Thursday, April 23, 2026

SO FAR AWAY


I often say a long-distance relationship suits me. I like my time with my partner, but I also value time on my own. As an introvert, I can never seem to get enough quiet time to myself. 

 

But having returned from Evan’s home in Denver three days ago, I haven’t settled in the way I usually do. I know a big part of it has to do with the fact I’m flying again at the end of the week to Canada’s East Coast for a conference that I’ll stretch into a week of travel. So, yes, the suitcase only gets a brief period in my closet before another round of packing. Vancouver doesn’t feel like home at the moment; instead, it’s a pit stop. 

 

But backing things up a bit, I didn’t want to fly home from Denver in the first place. I’d been there three weeks which is about as long as any of our visits, but there was nothing beckoning back in Vancouver. Even my introverted ways were subdued rather than begging for respite. 

 

I suppose that means our relationship is continuing to grow after four years together, always living in different cities with Evan first in Seattle, then Denver. Each time I visit, Evan says, “I wish you weren’t going. Can’t you change your flight?” This time, instead of saying no, I offered an alternative version of yes. I might drive back in a couple weeks’ time with the intent of staying for two months. 

 

Big step.

 


Of course, there’s the obvious—it would be our longest time together.

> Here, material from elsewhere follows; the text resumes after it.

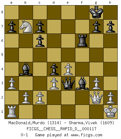 Last move : 0-1 2018 August 25 9:47:52 [Event "FICGS__CHESS__RAPID_D__000117"] [Site "FICGS"] [Date "2018.08.12"] [Round "1"] [White "MacDonald,Murdo"] [Black "Sharma,Vivek"] [Result "0-1"] [WhiteElo "1314"] [BlackElo "1609"] 1.e4 e5 2.Nf3 d5 3.Nc3 d4 4.Nd5 Nc6 5.Bb5 Nf6 6.d3 Bd7 7.O-O Bc5 8.Bxc6 bxc6 9.Nxf6+ Qxf6 10.Bg5 Qg6 11.Nxe5 Qxg5 12.Nc4 O-O 13.Na5 f5 14.f3 fxe4 15.fxe4 Bh3 16.Qe2 Rf6 17.g3 Raf8 18.Rxf6 Rxf6 19.Nb7 Bb4 20.a3 Bg4 21.Qg2 Qe3+ 22.Kh1 Bf3 0-1 QP counter-gambit (elephant gambit) Kingside Castling by player White (move 7) Kingside Castling by player Black (move 12) Player Black won this chess game. Follow this game move after move (download)Chess books should be used as we use glasses: to assist the sight, although some players make use of them as if they thought they conferred sight. (Jose Raul Capablanca) Schach ist Leben. (Robert James Fischer) Debemos de asegurarnos de que el Ajedrez no se convierta en un lenguaje muerto, muy interesante, pero tan solo para un grupo muy pequeño. (Sytze Faber) Vouloir jouer aux échecs contre soi-même est aussi paradoxal que vouloir marcher sur son ombre. (Stefan Zweig) May I never be complete. May I never be content. May I never be perfect. Deliver me, Tyler, from being perfect and complete. (Chuck Palahniuk, Fight Club)

But a two-month stay also changes the dynamics in terms of what is legally permissible. I am only allowed to visit the U.S. for a day less than half the year and a two-month chunk all at once eats up a lot of visitation time, frontloading the year. I’ve already been in the U.S. for five or six weeks so more than half of my year’s allotment will be eaten up after this extended trip. It means we’ll have to plan more carefully for the second half of the year. It’s like eating too much pie all at once and then having to spread out and savour the last bites, although not to such an extreme.

 

Evan can, of course, visit me in Canada as well, but he’s just started a new job and can’t get away as often or as long. Again, his trips, when even possible, will need to be thoughtfully scheduled over the rest of the year. 

 

It’s not a bad problem to have. Four years in, we want to see more of each other. We want to see how we handle being together for a longer chunk of time. In the meantime, it feels like I’m stationed in Vancouver, feeling like it is but a stopover, trying to make the most of my normally coveted downtime. 

 

My, how a relationship changes everything!